Mashed Potatoes & Gravy
Peasant origin: Irish and German immigrants brought potato obsession with them in the 18th–19th centuries because potatoes were famine-proof calorie bombs. Poor rural families (white and Black) in the South and Midwest ate them multiple times a day. Gravy was whatever meat drippings or flour roux you could stretch.
Consumer flip: Instant mashed potatoes (1950s) and jarred gravy turned a labor-intensive poor-people staple into a “convenience” product. Now people brag about “from-scratch” mashed potatoes as if they’re gourmet.
Stuffing / Dressing
Peasant origin: Stale bread stretched with onions, celery, herbs, and whatever fat or broth you had was classic European and early American poor-people cooking. Enslaved African cooks in the South added oysters (which were dirt-cheap then) or cornbread because corn was even cheaper than wheat.
Consumer flip: Pepperidge Farm and Stove Top (introduced 1972) sold pre-seasoned bread cubes so you could make “homemade” stuffing in five minutes. It became a $100-million-a-year product.
Sweet Potatoes / Yams (Candied or Marshmallow Casserole)
Peasant origin: Sweet potatoes were a Southern Black and poor white staple because they grew in terrible soil and stored all winter. They were usually just boiled or baked.

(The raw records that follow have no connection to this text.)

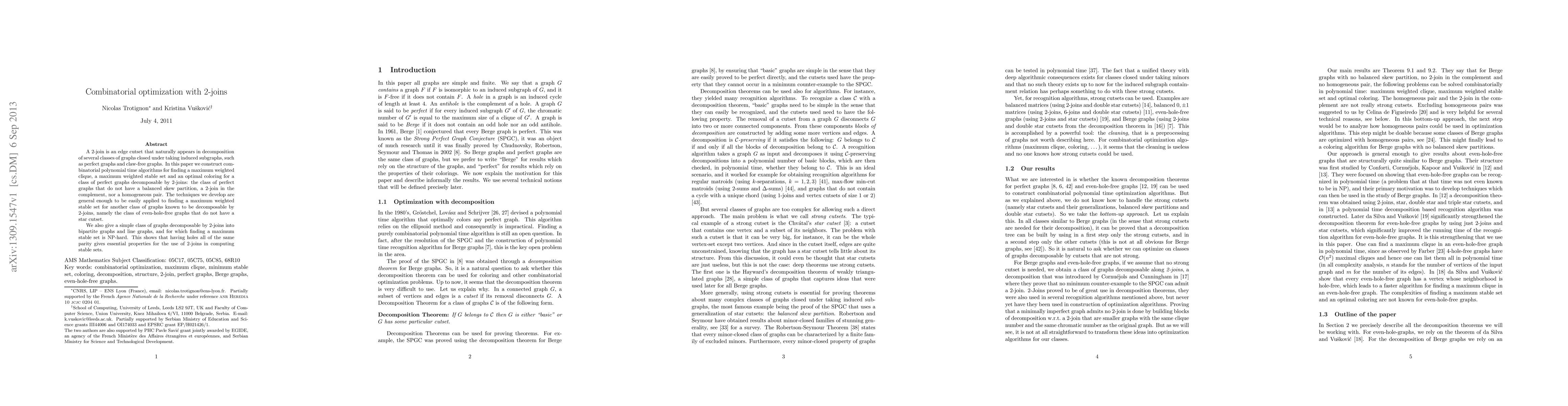 This paper develops polynomial-time algorithms for solving combinatorial optimization problems in graphs decomposable by 2-joins, focusing on perfect graphs without specific complex structures, and extends techniques to even-hole-free graphs. It also highlights the complexity of maximum stable set problems in graphs with holes of uniform parity.
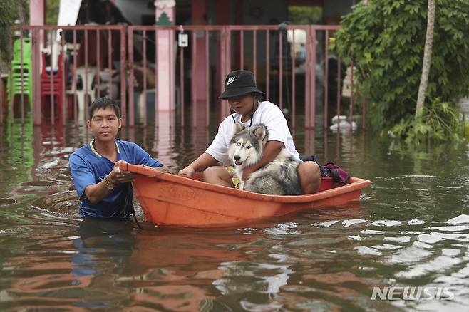 [우본랏차타니=AP/뉴시스] 29일(현지시간) 태국 우본랏차타니 주민들이 반려견과 함께 보트에 올라 제16호 태풍 '노루'로 침수된 거리를 건너고 있다. 폭우와 강풍을 동반한 '노루'가 태국 일부 지역을 휩쓸어 나무가 쓰러지고 곳곳에서 홍수가 발생했다. 2022.09.29.
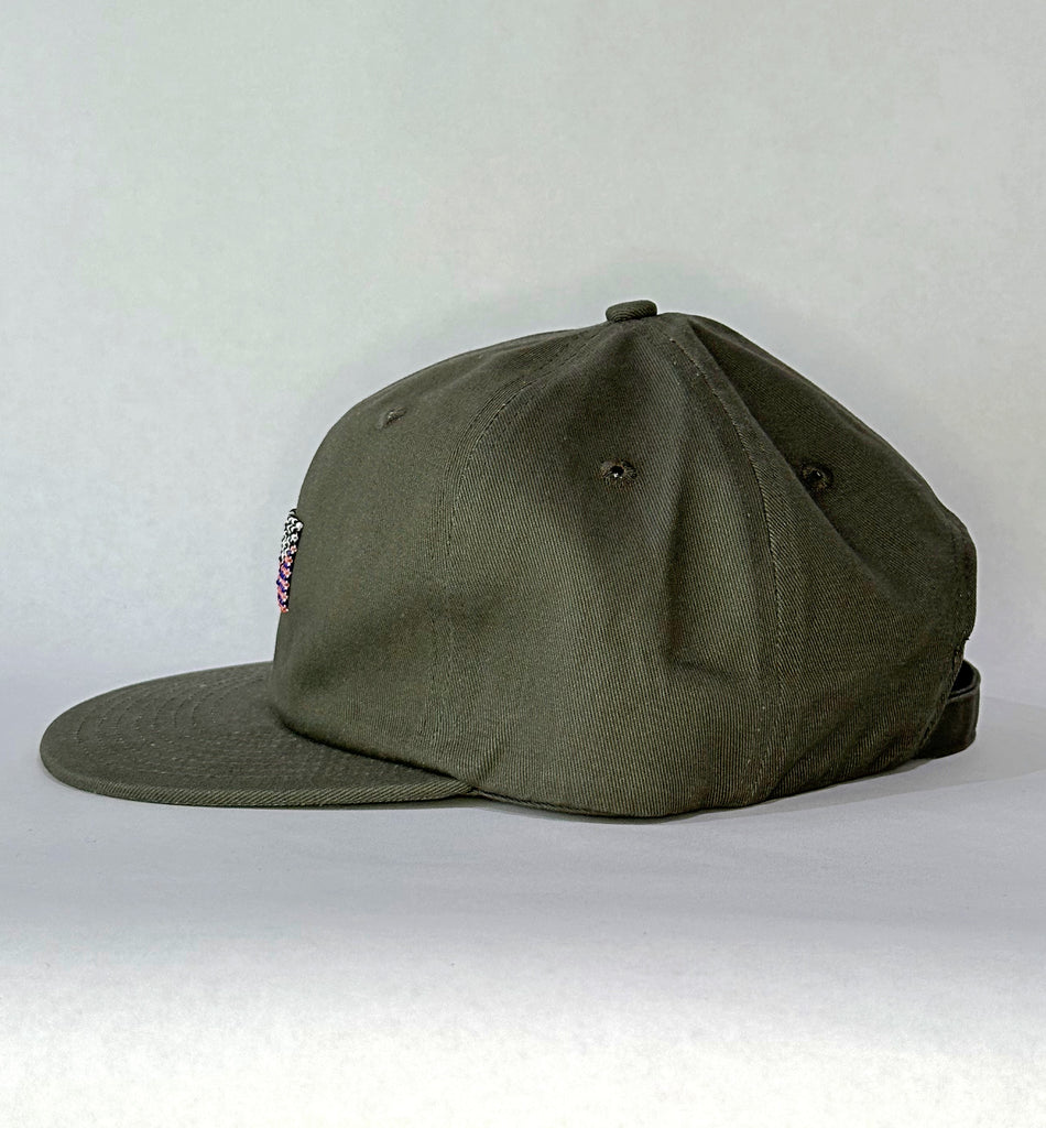 Grey cotton flat brim hat blank personalized with a hand beaded mountain pattern patch. Adjustable back band. 100% cotton hat.
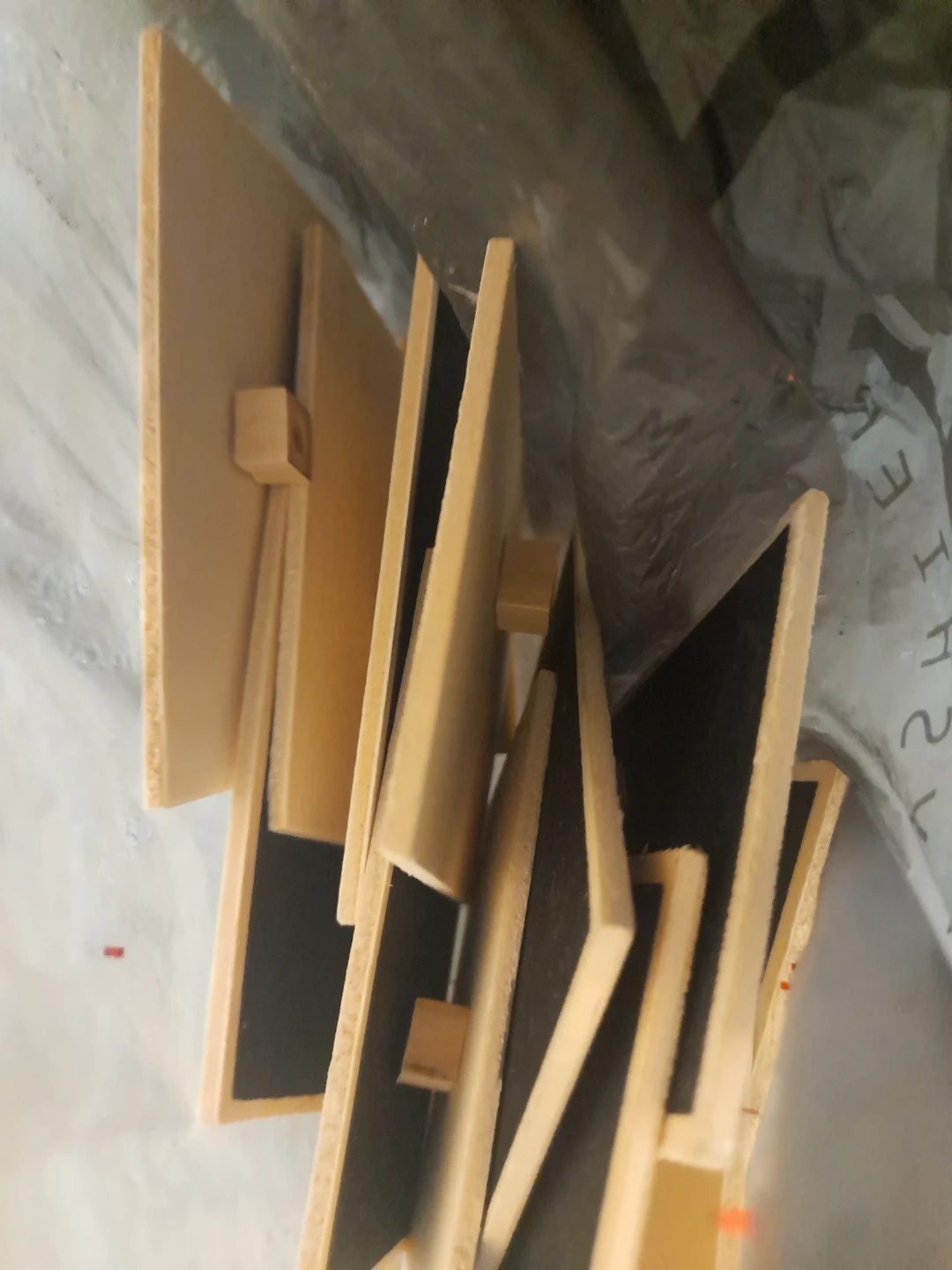 Includes six mini chalkboards made from wood. Each board has a black writing surface and a small wooden stand. These are great for labelling items or for small signs!

Consumer flip: In the 1910s, the National Sweet Potato Council paid Angelus Marshmallows to invent the marshmallow-topped casserole recipe to sell more marshmallows (which were a new factory candy). It worked. By the 1950s it was in every women’s magazine as “traditional.”
Cranberry Sauce
Peasant origin: Pumpkins and squashes were animal feed and poor-people food (easy to grow, huge yield). Early “pumpkin pie” was often just a pumpkin gutted and baked with milk and spices inside the shell because poor households didn’t have pie tins.
Consumer flip: Libby’s (owned by Nestlé) started selling canned pumpkin purée in the 1920s and printed the “Libby’s Famous Pumpkin Pie” recipe on every can, standardizing it nationwide. Eagle Brand sweetened condensed milk did the same push for the filling.
Bottom line
Almost every dish Americans treat as sacred Thanksgiving tradition began as the food of people who had no money and no choice. 20th-century food companies and women’s magazines (funded by those companies) took these cheap, filler-heavy recipes, gave them a nostalgic glow-up, and sold the idea that cooking them proved you were a good American. The final irony: today people spend way more money and time recreating “humble” dishes than the original peasants ever did.